He was indeed very popular around the school that everybody knew him for being the best in what he can do, which is athletics. I hated him because he had so much confidence in his ability that his aura was to become the best among the rest. All the girls loved him. Every guy wanted to be him. To them, being him means you are their kind of guy. His name is albegeny. The man I always wish I was but failed to admit it. I would say he was the one I hate to love but love to hate.
There was nothing more that I yearn for than to get one over him. I wanted to become more popular than him. I wanted everyone to idolize me and not him. He was known for being a good runner on the field; he held an excellent record that went unbeaten. All I ever wanted was an opportunity to embarrass him at what he knows how to do best, for I was quite a good runner but not as good as him. I had waited for that opportunity to come, even though he was better than me, the chance to get one over him was too good a task to ignore.
Finally, I got my wish. I was among seven athletes that were selected to compete in an annual 100-meter track and field event. To my surprise, the reigning champion, albegeny, was also selected. I was happy to be part of the race, for it allowed me to prove to the school that I was a better runner than him. He was not aware that I was competing against him. To him, it was business as usual, for he had his heart set on retaining the current title.
The day of the event came, and the crowd was cheering for us. I had my side-eyes on albegeny trying to figure out his pregame ritual. He was so calm and collected that I decided to act the same. His personality became mine for the day, for I had forgotten who I was that I began to mimic his every move.
We got into position for the start of the race. I was so nervous that I felt my adrenaline pumping. My only aim was to beat albegeny in the race that I forgot that there were five other runners.
The loud sound of the starting pistol went off, and the race began. During the race, I found myself ahead of albegeny. I realized that he was not at his best that it empowered me to create a gap between us. I could not believe that the great albegeny was behind me, and I was ahead of him. I could see the finish line within a distance that my heart was pumping in joy even though I was tired.
The race had finally ended, and we came to a complete stop.

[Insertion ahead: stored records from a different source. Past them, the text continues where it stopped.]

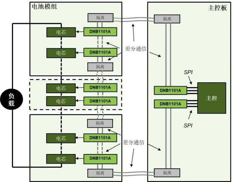 DNB1101A為每個單獨的電芯或并聯(lián)的一組電芯提供多種傳感功能,包括電壓監(jiān)測、溫度監(jiān)測和電化學阻抗譜(EIS)監(jiān)測。通過差分菊花鏈,電池參數信息被傳輸到電池組控制器。鏈中的第一顆芯片將標準SPI信號轉換為菊花鏈差分信號,反之亦然。芯片支持環(huán)形通信架構。
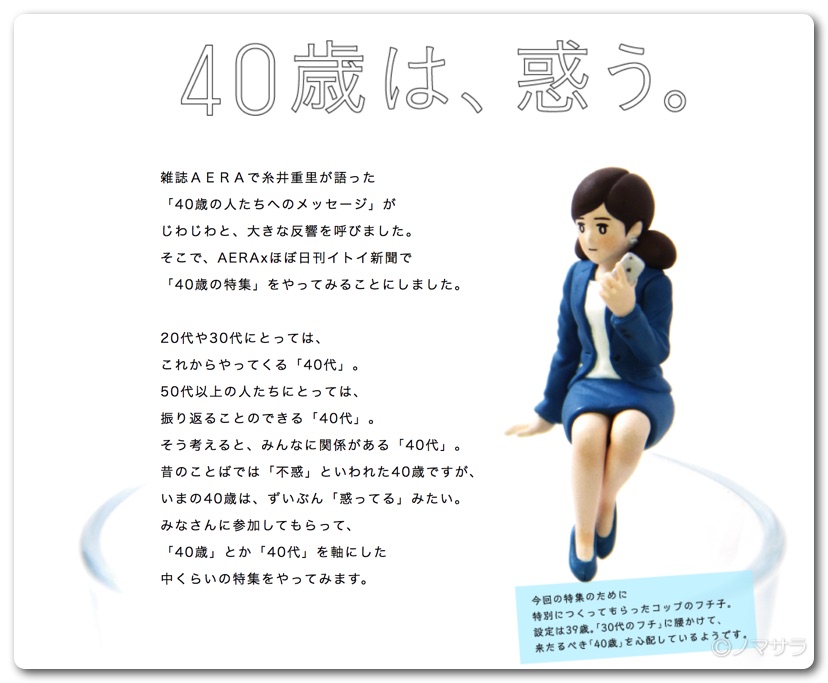 AERAとほぼ日刊イトイ新聞のコラボ企画で「40歳は惑う」という記事があったのでご紹介しておきます。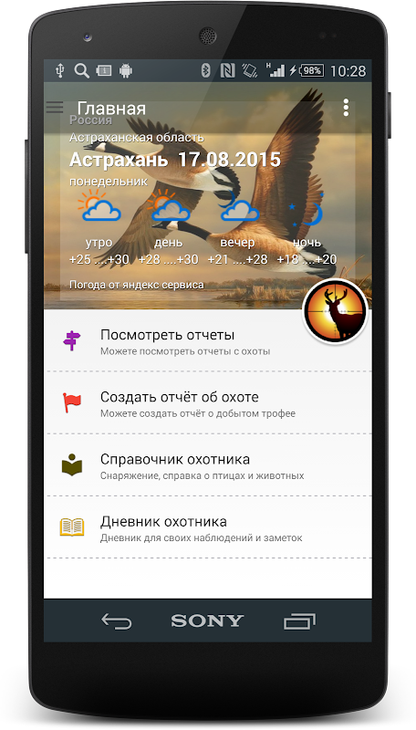 Приложение для истинных охотников, поможет не только отыскать место охоты на карте (каждое место на карте указано пользователями приложения, поэтому всё зависит от Вашего отчёта и добавления новых мест на карту), но и так же предусмотрено создание своего отчёта или отзыва о том месте охоты где в данный момент охотишься, или когда либо охотился. Так же данное приложение позволяет вести свой дневник наблюдений в зависимости от времени года, погоды, температуры и т.д. Данные о погоде сами подгружаются для места где именно находишься или можно их обновить с помощь предусмотренного функционала.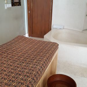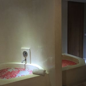 ボディーローションを塗り、20分放置。ローションは草の匂いでナチュラルな感じでした。ひんやりして、火照った身体にとっても馴染みがよい気がしました。お隣のお部屋に移動して、はちみつを身体に塗り、シャワーを浴びました。そして、フラワーバス!お友達と2人で入る感じでした。上半身裸に紙パンツを履いていて変な感じで笑っていました。フラワーバスにつかりながら、スタッフさんが用意してくれた、スイカジュースとクッキーで乾杯。15分間のフラワーバスを楽しみました。これはカップルにオススメかも!2人の距離がグッと縮まりますよ!そして、部屋に戻ると新しいガウンが用意され着替えて今度はヘッドスパ。上からオイルが落ちてくるマシーン?みたいなものがくすぐったくて気持ちよかったです!マッサージ師さんの手加減が私にはとっても居心地がよく、気がついたら夢の中でした。私のお友達も寝ていた様子でした。最後に部屋移動をし、シャンプーとリンスとまたヘッドマッサージ!鏡で見ると自分の顔がすっきりしていてとても気持ちがよかったです。ブローとドライヤーまでしてもらい、髪の毛本来のツヤを取り戻しました!とっても充実した3時間で終わるのもあっという間でした。またバリ島に訪れた時にはこちらのサロンを使わせて頂きたいと思っています!何しろ、他のお客さんとすれ違うこともなく、貸切気分でリッチな雰囲気でした。充実したプランで参加してとってもよかったです!参加する際はすっぴんで行ったほうがいいです!ぜひ皆さんも参加することをオススメします!ホテル間の送迎のお兄さんもとっても優しい感じでよかったです。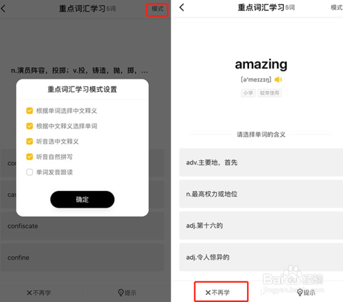 在【重点词汇学习】部分,从模式设置上可以看出共有5种学习方式,自定义学习方式为4种。在学习过程中,左下角有【不再学】选项,对已经掌握的单词可以直接Pass。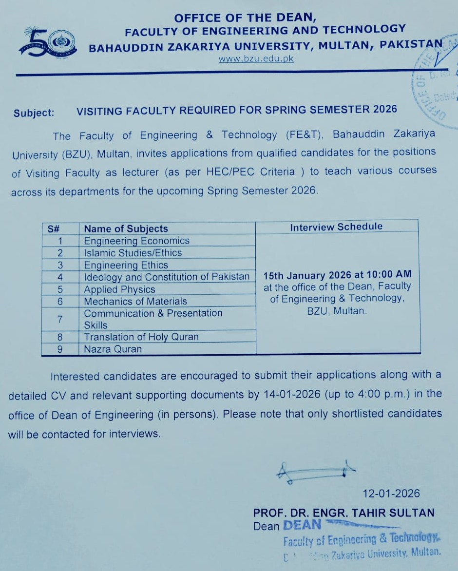 Visiting Faculty Required in Faculty of Engineering and Technology for Spring Semester, 2026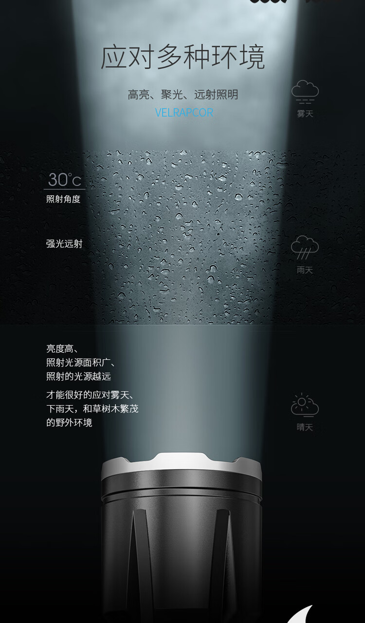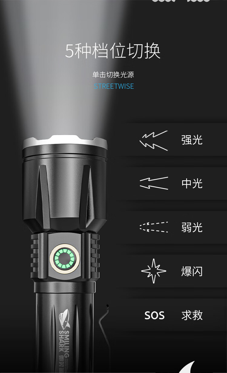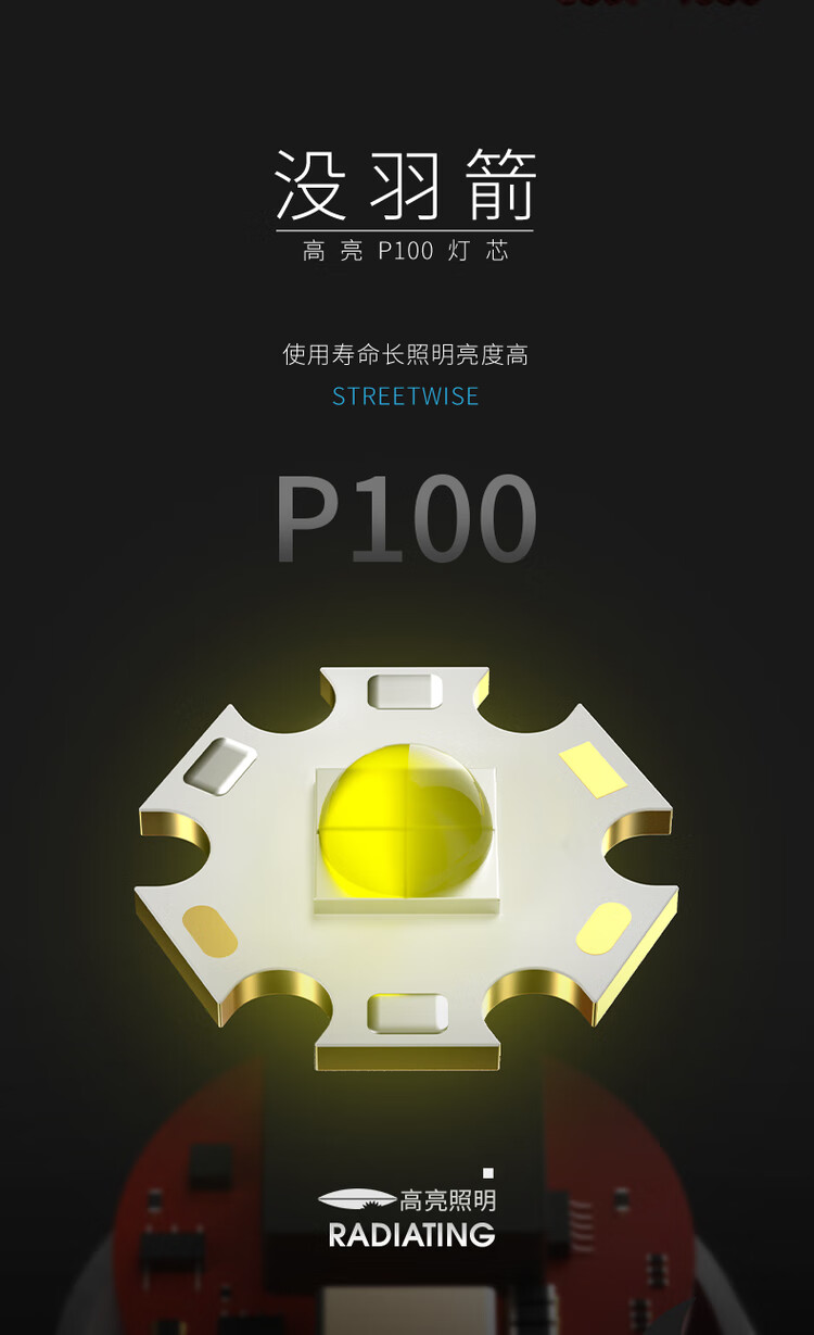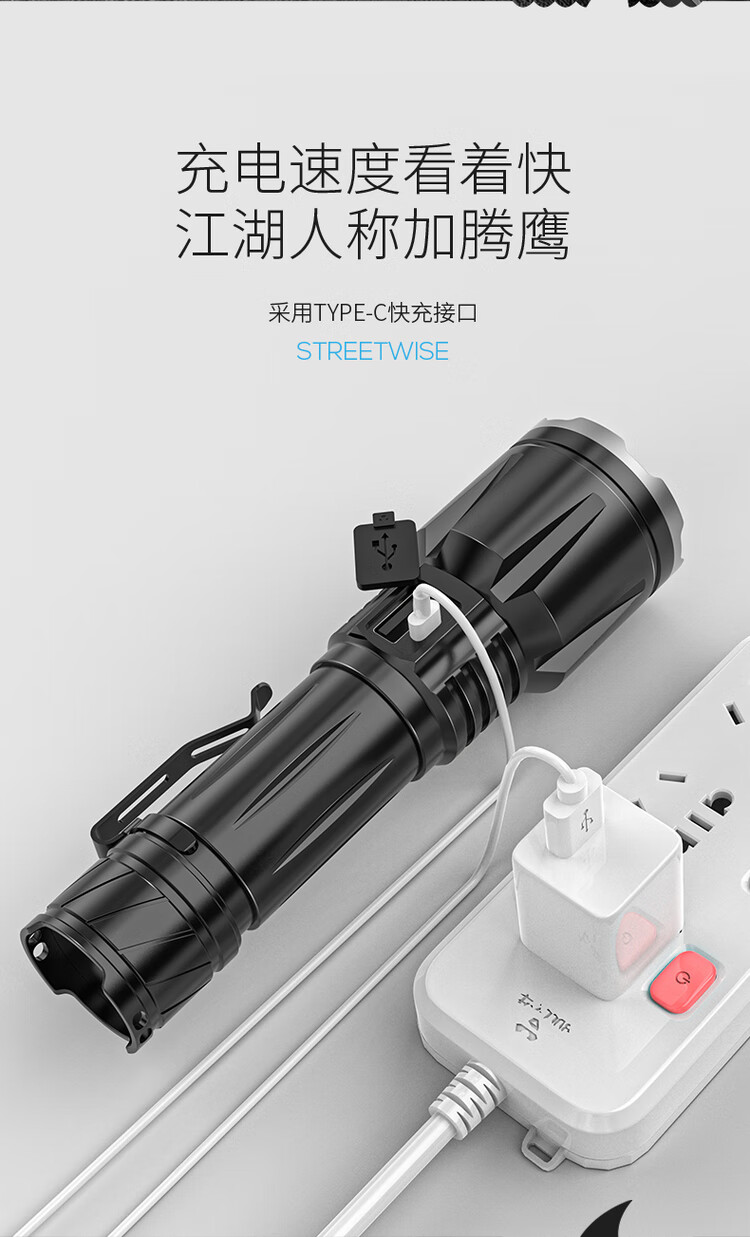 FENGLANQ FENGLANQ flashlight with strong light, 100,000 lumens, three thousand meters into the sky, rechargeable LED super bright mountaineering patrol light, P100 round wick, battery life 510H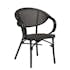 Stilfull stapelbar caféstol i brun aluminium och sits och rygg i flätad textilen.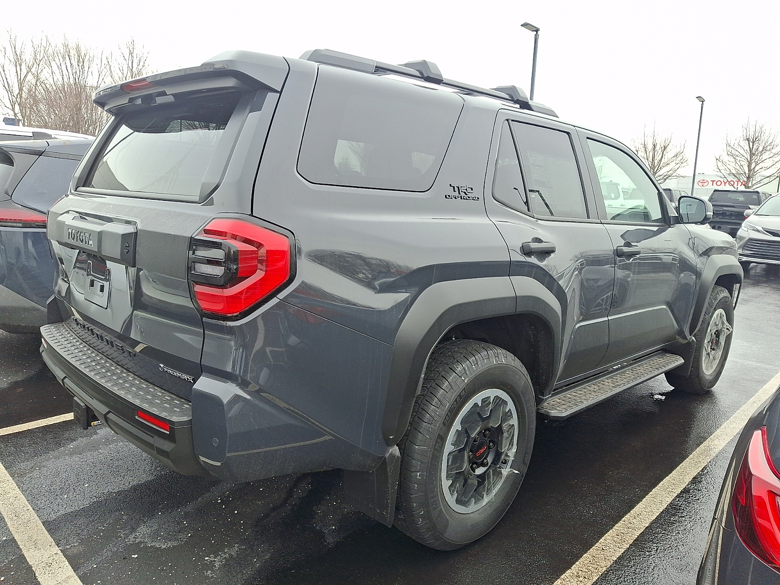 - Black honeycomb-style grille, mirror caps, door handles and overfenders; color-keyed rear spoiler; black "TRD OFF ROAD" and "4RUNNER" badges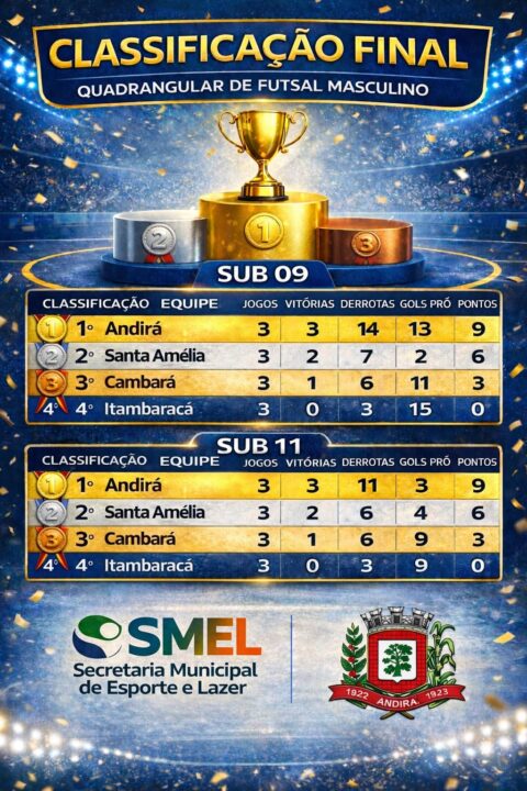 No último dia 8 de março, o Ginásio de Esportes Morcegão de Andirá foi palco da realização do Quadrangular de Futsal Masculino nas categorias Sub-09 e Sub-11. O evento, organizado pela Secretaria Municipal de Esportes e Lazer, com os professores Reinaldo Fernando e Aline Jussiani, reuniu jovens atletas mirins de Andirá e cidades vizinhas.

I had defeated albegeny. I was so happy that I jumped for joy. Something immediately got my attention. I realized that I was the only one cheering for myself, for the entire crowd was celebrating the 1st and 2nd place winners. I looked ahead of me, and I saw a triumphant 1st place winner. Then I looked behind me, and I saw a defeated albegeny who came out in 6th place. He was almost in tears not because he lost to me but because he had lost his crown as the reigning champion. At the end of the race, no one cheered for me or albegeny. I guess we were all losers.
Then I began to think that I could have become more popular than albegeny if I had targeted the first place. Albegeny was never a threat to my becoming popular. The only danger was my selfish ego that went after an individual instead of the ultimate prize to success that was open to everyone on the track. Now guess how that made me look like, DUMBO. As always, it’s my opinion.